Who are these fucktards who create overly complicated packages for children’s toys?
They’re fucking insane. Shit, just wrap the toy in barbed wire and concrete, it’d be easier to open, m’kay?

It seems the standard toy is now in a box (taped shut), then has heavy-duty twist-ties holding the toy into place in the box, and the ends of the twist-ties are taped into place. Count on a minimum of three twist-ties per item in the box. WTF? It’s a children’s TOY! It should not take an adult 15 minutes to open the goddamn box!

One box was so ridiculously complex, it came with INSTRUCTIONS ON HOW TO UNDO THE MOTHERFUCKING INTERLOCKING PLASTIC TABS. No effing way is any child opening this thing, let alone a grandparent.

By the time I finished opening all these sorry boxes I had a hefty stack of plastic and metal destined for the recycling bin.

What the goddamn hell is the point of putting toys into restraint devices straight outta Gitmo? Why? Why? Why?
PS It sucks that Xmas was my only day off, but the 40 hours of OT I’m getting this week will be nice.

5 fucking hours. Just south of Philly to just south of DC. 5 fucking hours in the driving rain.

My mp3 player cover from my bro-despite bearing the brand of the player itself-does not fit the player. I’m going to take it back but Bestbuy doesn’t do returns until Friday. Bro had the receipt taped to the back of it just in case. If it had fit I would have kept it.

Mine’s not so much a rant; Christmas made me melancholy this year. My parents caught some kind of bug (the docs have now diagnosed dad with bronchitis, so he finally gets his codeine and will sleep, and mom with some kind of lung infection), and so didn’t come to Christmas.

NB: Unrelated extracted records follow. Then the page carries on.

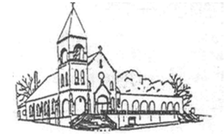
St. Patrick's - Missouri Valley
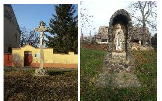
Figure 4. The Crucifixion and Mater Dolorosa

" The Crucifixion" (Figure 4) is a rondo-bosso sculpture erected in 1802 in Periam, by the roadside. The author is anonymous and the monument is made of grit stone. The body of Jesus tormented by the pain is lifeless and the physiognomy is schematised; above it, the figure of the Celestial Father overlooks the episode (bearing a globe in His left hand and the dove of the Holy Ghost in His right hand); at the foot of the crucifix lies the nature-size statue of Mater Dolorosa . The artisanal way in which the statue was made suggest the training level of the master left anonymous. The conservation status is mediocre: the statue must have undergone successive, undocumented remakes.
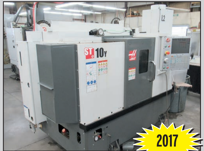
HAAS ST-10Y CNC LATHE

TAKISAWA Mdl. EX106 CNC Turning Center, 1.63" max. bar capacity, 9.5" max. turning diameter, 17.91" max. machining length, 13.75" max. swing, 6" chuck, 5,000 RPM max. spindle speed, 10 HP spindle drive, Fanuc 2i-T CNC control.
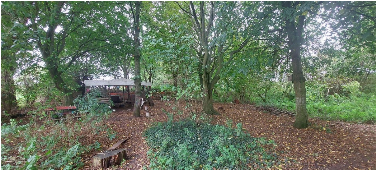
View up the site of the shelter, farm track on the left, stream to the right.
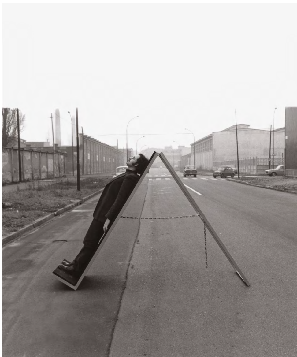
Fig. 3. Il Commutatore, Sistema Disequilibrante – Modello di comprensione [the Commutator, Unbalancing System], 1970, Model of Understanding. Ugo La Pietra, courtesy Archivio Ugo La Pietra, Milano.
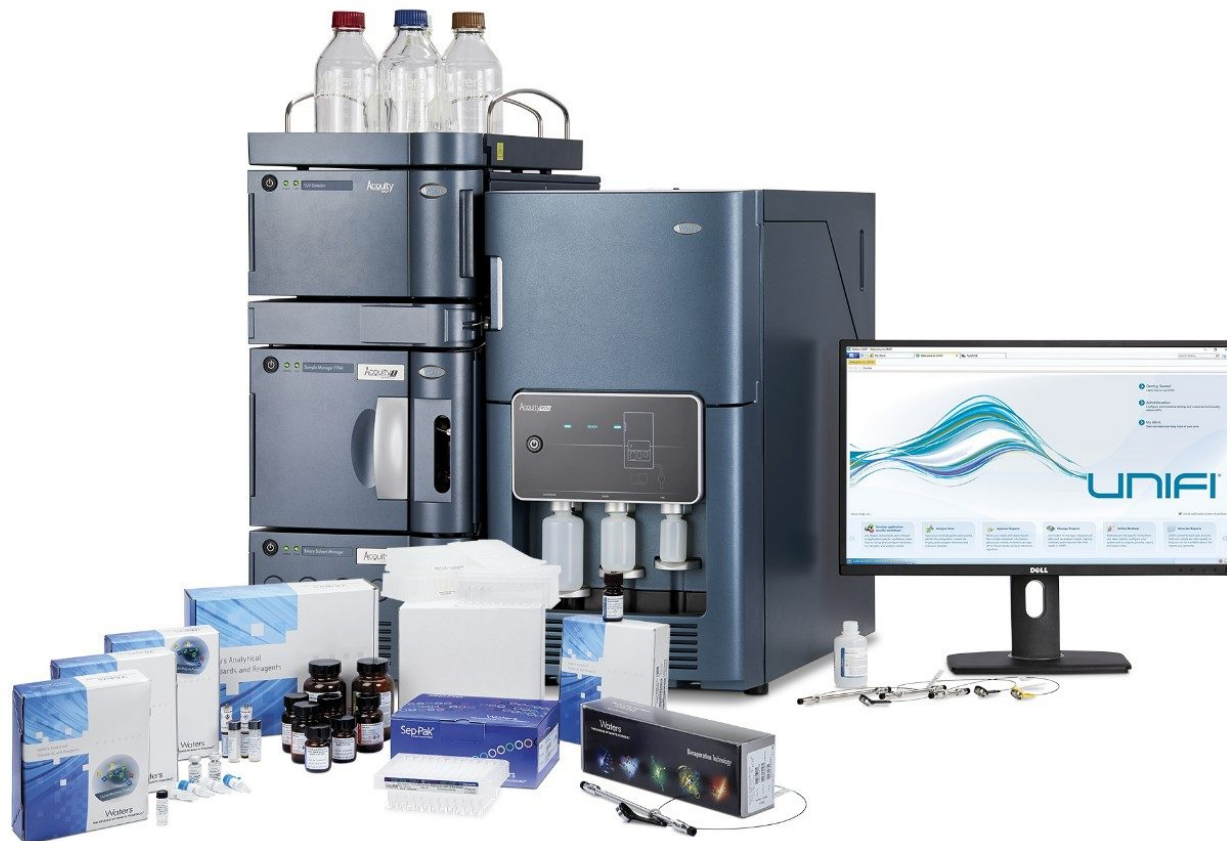
Figure 1. Glycan Application solution using automated GlycoWorks RapiFluor-MS N-Glycan Kit and BioAccord System with UNIFI Software.

key structural information and has been extensively used as an orthogonal analytical technique for glycan characterization in biopharmaceuticals development.
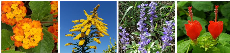
Texas Lantana Lantana urticoides Tall Goldenrod Solidago altissima Mealy Blue Sage Salvia farinacea Drummond's Turk's Cap Malvaviscus arborea
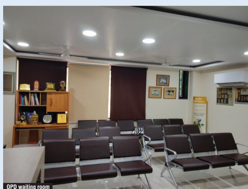
OPD waiting room
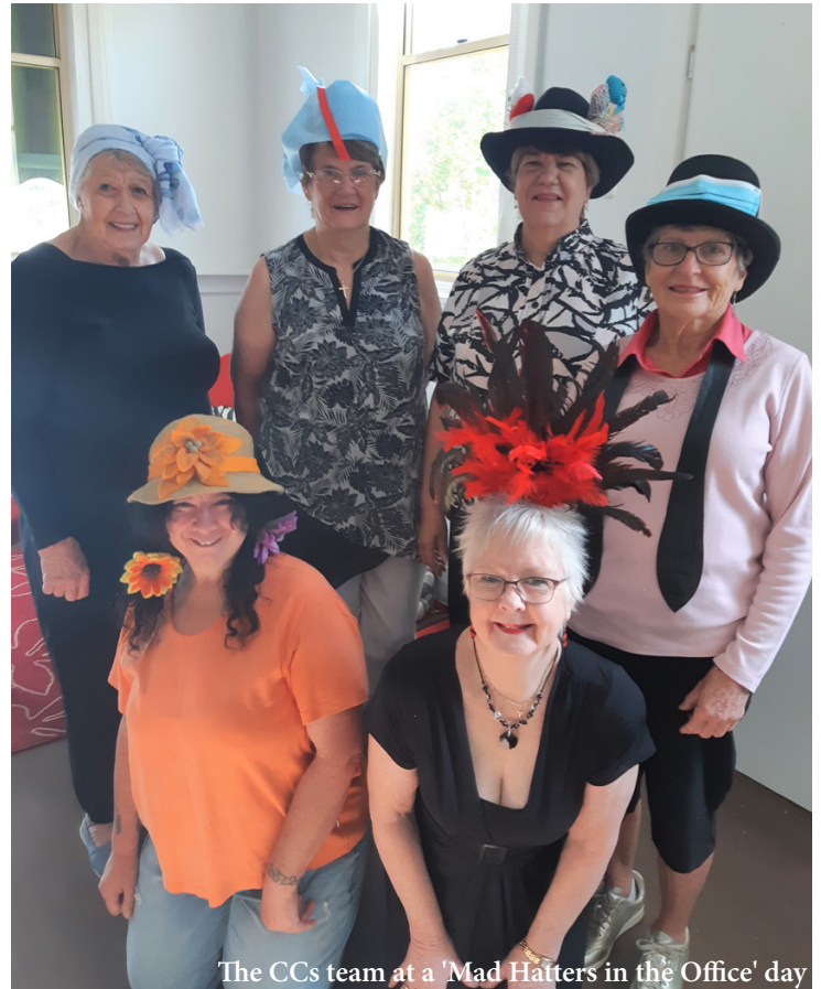
The CCs team at a 'Mad Hatters in the Office' day

Gracious and life-giving Father, we praise you for sending your Son, the true bread from heaven, who gives life to the world; and we give you thanks for the gift of your Holy Spirit, the breath of God, who empowers, equips, and renews; we ask your blessing on the pilot program to revitalise churches in our Diocese. We pray for the parishes of Cootamundra, Bungendore, Arawang, Hackett, Lanyon Valley and Tumut. Give them wisdom and discernment to hear your voice and rise to follow our Lord Jesus Christ, who lives and reigns with you and the Holy Spirit, one God, now and forever. Amen.

My brother brought his GF, and it always makes me sad to see them together, because she loves him so much and he barely knows she’s alive.

And then my BIL said that my brother will likely marry his GF, because he thinks it’s his duty to the family to get married, and she’s hot so why not marry her? That’s just so wrong. And I miss being a kid; I miss the excitement and fun of Christmas. It’s becoming just another Thanksgiving; not that Thanksgiving is bad, it’s just Thanksgiving, not Christmas. So, all in all, a melancholy Christmas.

Plus I put my old, kidney-failing, heart-failing cat to sleep a week or so ago; right after I came back from the vet, I cleared the house out of all her things, but I keep finding things I missed, and I keep seeing her out of the corner of my eye, and then remembering.

Stomach! Quit sticking out! Just because you have food in you, doesn’t mean you have to announce it to the world, like I never feed you. You’re ruining the lines of the dress. Settle down.

My grandmother had to deal with pissy, immature, spoiled brats on Christmas, bought gifts for some family members to give to their parents, got no thank you in return, and my gift to her, the one bright spot she has no doubt she’ll adore, didn’t arrive in time.

Because apparently FedEx thinks Priority Overnight means they have seven days to send a 3 pound package. Seven fucking days!

And fuck my cousin with a rusty spoon. Grow up.

My church uses those too. We’ve been doing them for a while, maybe ten years or so, and most of us still aren’t used to it (I’m not, and ten years is almost half my life). I’m a fan of inclusive language, but what’s wrong with gendered pronouns for Jesus? And the attempts at modernization (ex. “O Come All You Faithful”) are just irritating.

We went from Baltimore (north and east of the city) to Philly on Saturday afternoon, and it took us four hours. Normally I can get there in 90 minutes.

This describes my kitchen perfectly. I am sooo stealing this line.